If years of shakeout have proven anything, it's that the two things people want most on the Net are sex and search engines. On March 15, Nerve, the Web journal of "literate smut," will deliver both, with the launch of a selected and annotated index of the most arousing and curious sex sites, from sleek bondage forums, to nudist manifestos, to unabashedly Photoshopped galleries of celebrities in the buff.
Called NerveLink, the database of thousands of sites will be a core element in a major expansion of the stylish webzine. Nerve made a splash by positioning itself as the Olympia Press of online erotica last June, delivering edgy, pulse-pounding prose and photographs by brand-name littérateurs and artists such as Norman Mailer, Sylvia Plachy, Andres Serrano, and Poppy Z. Brite.
The upgrade will be paid for by a recently completed round of financing, which scored the publication US$100,000 from such investors as Steven Johnson of FEED, The Nation editor Andrew Shapiro, and India Cutler of the King Cutler Group, a high-tech investment banking firm. Other additions slated for the site - which opened its doors on June 26, 1997, the day the Communications Decency Act was dealt a fatal blow by the US Supreme Court - include an interactive forum called the NerveCenter, featuring live chat and threaded discussions moderated by authors Mikal Gilmore and Lisa Carver.
The NerveLink index will be edited by Jack Murnighan, whose books column, "Jack's Naughty Bits," serves up weekly provocations from literature with taglines like, "Dante learns that reading erotica can get way way too hot." Murnighan, who is writing incisive entries for sites compiled by a team of 30 netsurfers, is particularly beguiled by some of the Net's more outré offerings, such as a site for aficionados of images of women trapped in quicksand, and one for extremely short men seeking affairs with exceptionally tall women. The task facing his team, says Murnighan, is to "filter out huge amounts of schlock from the vast undifferentiated morass out there."
With the expansion, Nerve will join the ranks of sites that levy a fee for access to premium content, granting those willing to pay US$3.95 a month entry to the "members' gallery," featuring more graphic images than are offered on the open site.
In just eight months, the Silicon Alley-based publication has become emblematic of the cultural mores undergoing a sea of change as the Net weaves itself into daily life. As a gauge of its acceptance, the New York Times wrote about Nerve, but declined to specify the URL, in keeping with the Times' ban on pointers to adult-oriented Web addresses.
Though many of Nerve's intimate memoirs and cultural critiques would work fine on paper (a print magazine is on the drawing board, and a book is slotted for publication by Broadway Books this fall), Salon sex columnist Courtney Weaver thinks the Web was the perfect environment for Nerve to find its audience. "On the newsstand, it would have gotten pigeonholed with Playboy, Penthouse, and the Wet Pussy Journal, and the complexities of the subject would have been overlooked," Weaver says.
If the renaissance of self-publishing in the digital era hadn't come along, says Nerve founder and editor Rufus Griscom, "it could have been years before the publishing industry woke up to the ways attitudes towards sex are changing."
Among the shifts that Griscom observes is an increasing acceptance of images of women in active sex roles, and a recognition that women - especially young women - are eager, discerning consumers of erotic content.
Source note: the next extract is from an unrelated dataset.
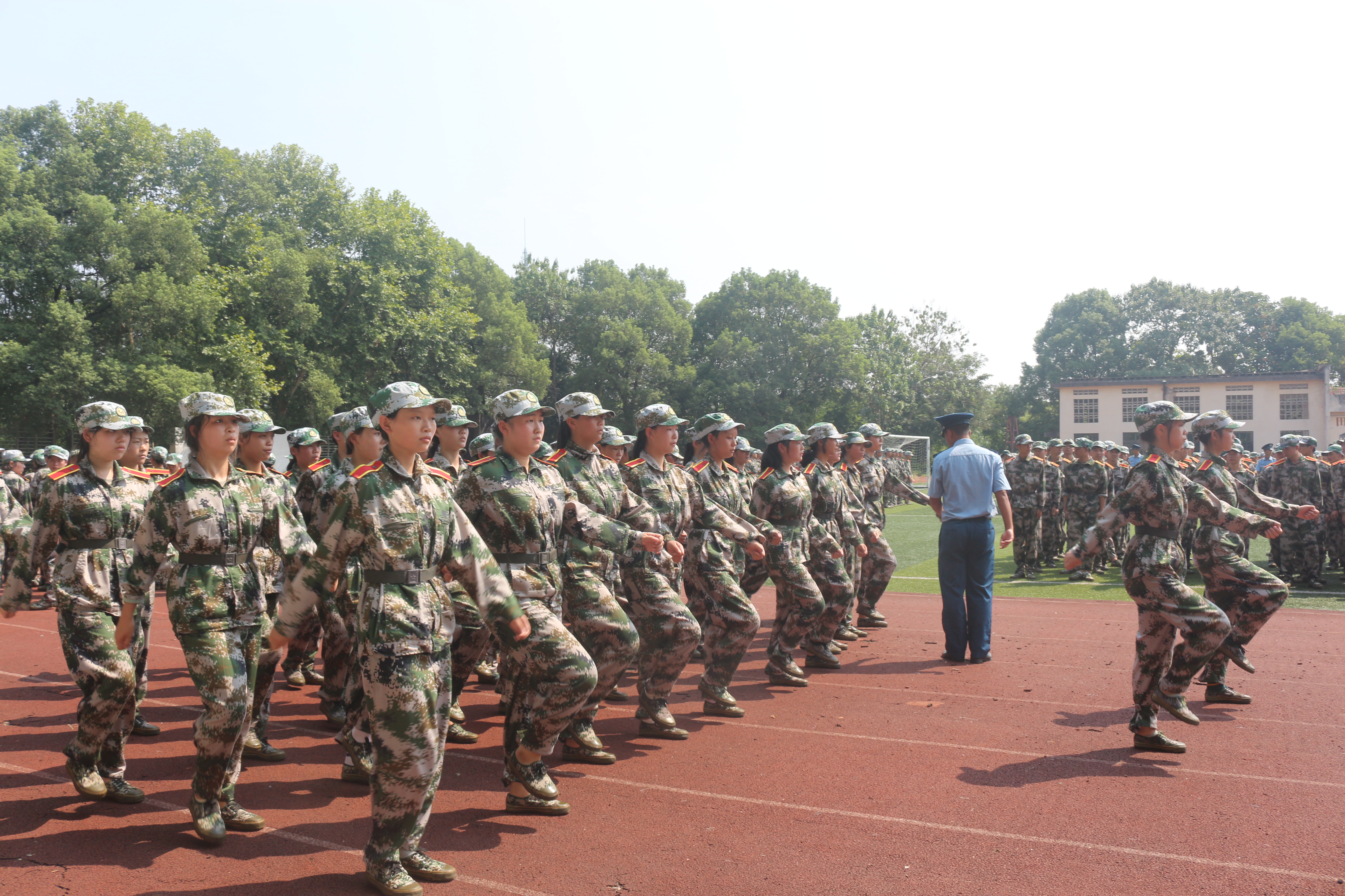 闷热的天气,毒辣的太阳。新生们服装统一,在教官严苛的操练下于田径场里进行着如火如茶的训练。面对炎热的酷暑,反复的训练对于新生来说,不仅是烈日的炙烤,也是汗水的洗礼,更是意志力的斗争,他们克服了日光的暴晒和训练的艰苦,认真地完成教官所安排的军训任务,立正、稍息、跨立、停止间转法、齐步走,正步走等每一个动作都做到标准规范。学院领导也提出了步伐的操练、军体拳的教学、方队组建、训练等项目给军训增添了几分色彩。田径场上各连队队形整齐、口号响亮、精神昂扬,展现出了严整的军姿军容,体现了很好的的训练效果和很高的训练水准。而这些成果都离不开教官们的严加管教、系领导和辅导员们的关怀重视,以及班助们的大力协作。

Among the site's readers, one-third are women, with that proportion rising to 50 percent in the 18-25 age group.
Unlike the coeds-in-cashmere showcases that catered to the Hefner generation, Nerve doesn't shy away from including images of men in sex scenes. And homosexuality, Griscom believes, is coming to be seen as part of a continuum of human erotic response.
"Our philosophy is one of polysexuality. There's less of a need now for those kinds of distinctions and niche groups," he says. While publications like Cosmopolitan are perennially running cover stories on "10 Ways to Improve Your Sex Life," Griscom says, "We don't want to fix people's sex lives. We want people to examine their sex lives - their humanity and vulnerability."
The secret of Nerve's success, Griscom contends, is walking a fine line. While drawing five million page views a month with such fare as Charles Gatewood's spike-shod dominatrixes, Nerve has been able to sign up such decidedly straight-laced advertisers as CBS SportsLine, CNET and CDnow by keeping certain images - like Richard Kern's women bound in rope - behind the members-only firewall.
When a major corporate sponsor offered to buy ad space if Griscom would throttle back on such taboo-testing exhibits as Serrano's "History of Sex," Griscom declined. "We've succeeded because we have an edge," he says.
Steven Johnson of FEED says he invested in Nerve because the site's business model was unusually sensible for a Web venture. "Rather than raise $100 million and hire 300 people, they stayed lean and grew along with their traffic."
Johnson also believes that the tone of the writing on Nerve is perfect for this moment in the evolution of sexual attitudes. "It's smart people, talking honestly about their own lives in sexy ways, without becoming gauzy art-theory erotica, and without heavy cultural diatribes," he says.